Please verify pre and post installation steps here:
Please verify also the status of your services enabled and running, docker env.
sudo systemctl enable docker
sudo systemctl enable kubelet
systemctl daemon-reload
systemctl restart docker
systemctl restart kubelet
Are the results the same if you run init command with --ignore-preflight-errors=all
For more details please use also "journalctl -u kubelet"

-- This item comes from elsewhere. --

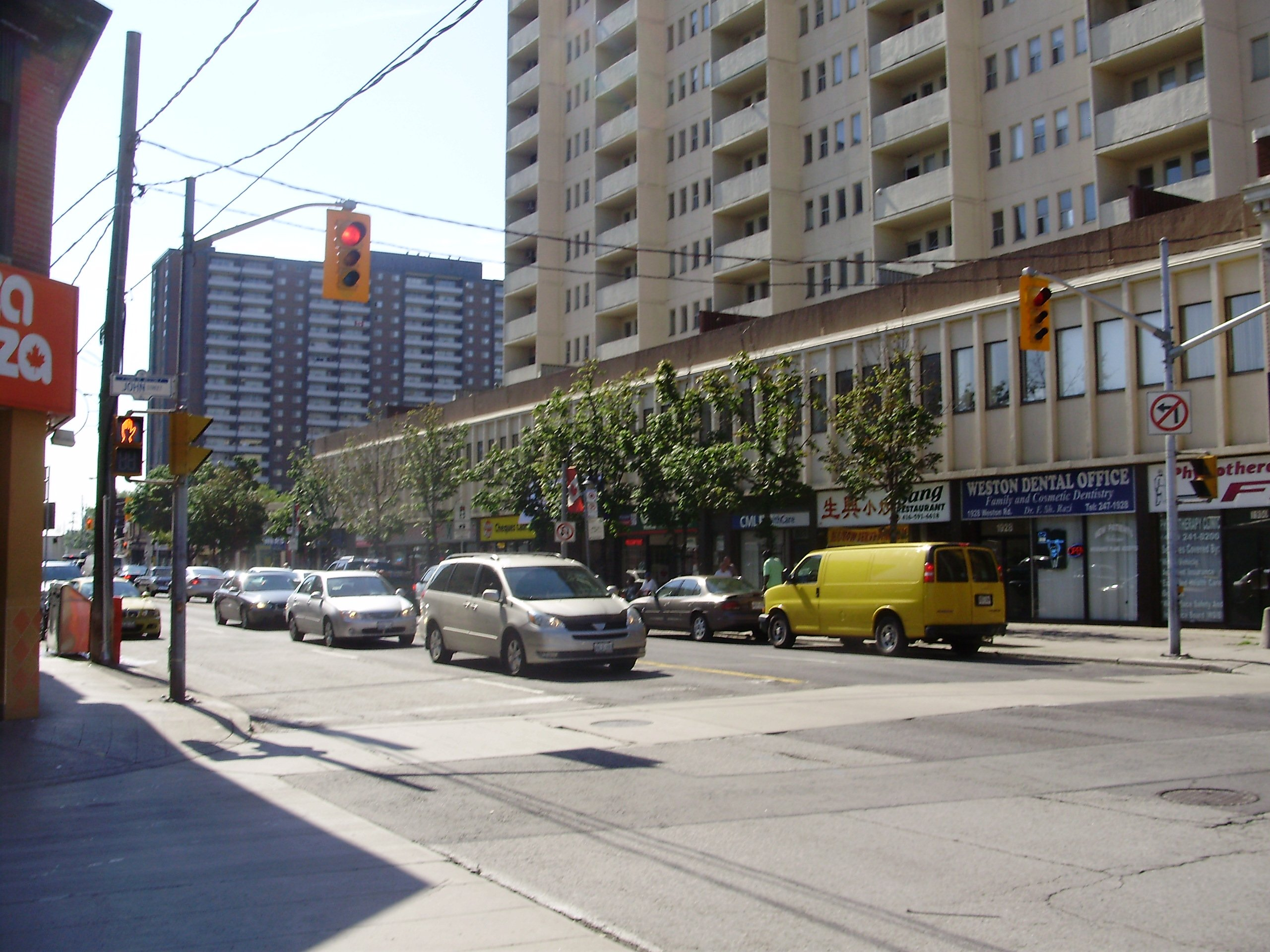 Weston Road at its intersection with John Street in Weston, Ontario, Canada, a component community of Toronto. This part of Weston Road, just north of Lawrence Avenue West, is Weston's effective downtown core.

Having more details from your logs, please take a look at "github - kubeadm/issues" here:
Please provide more details about you env in order to recreate this issue and share with your additional findings.
Could you please perform another test and run kubeadm init on your worker node, in the same way as on the first node (in short please create second master node) just to verify your working env.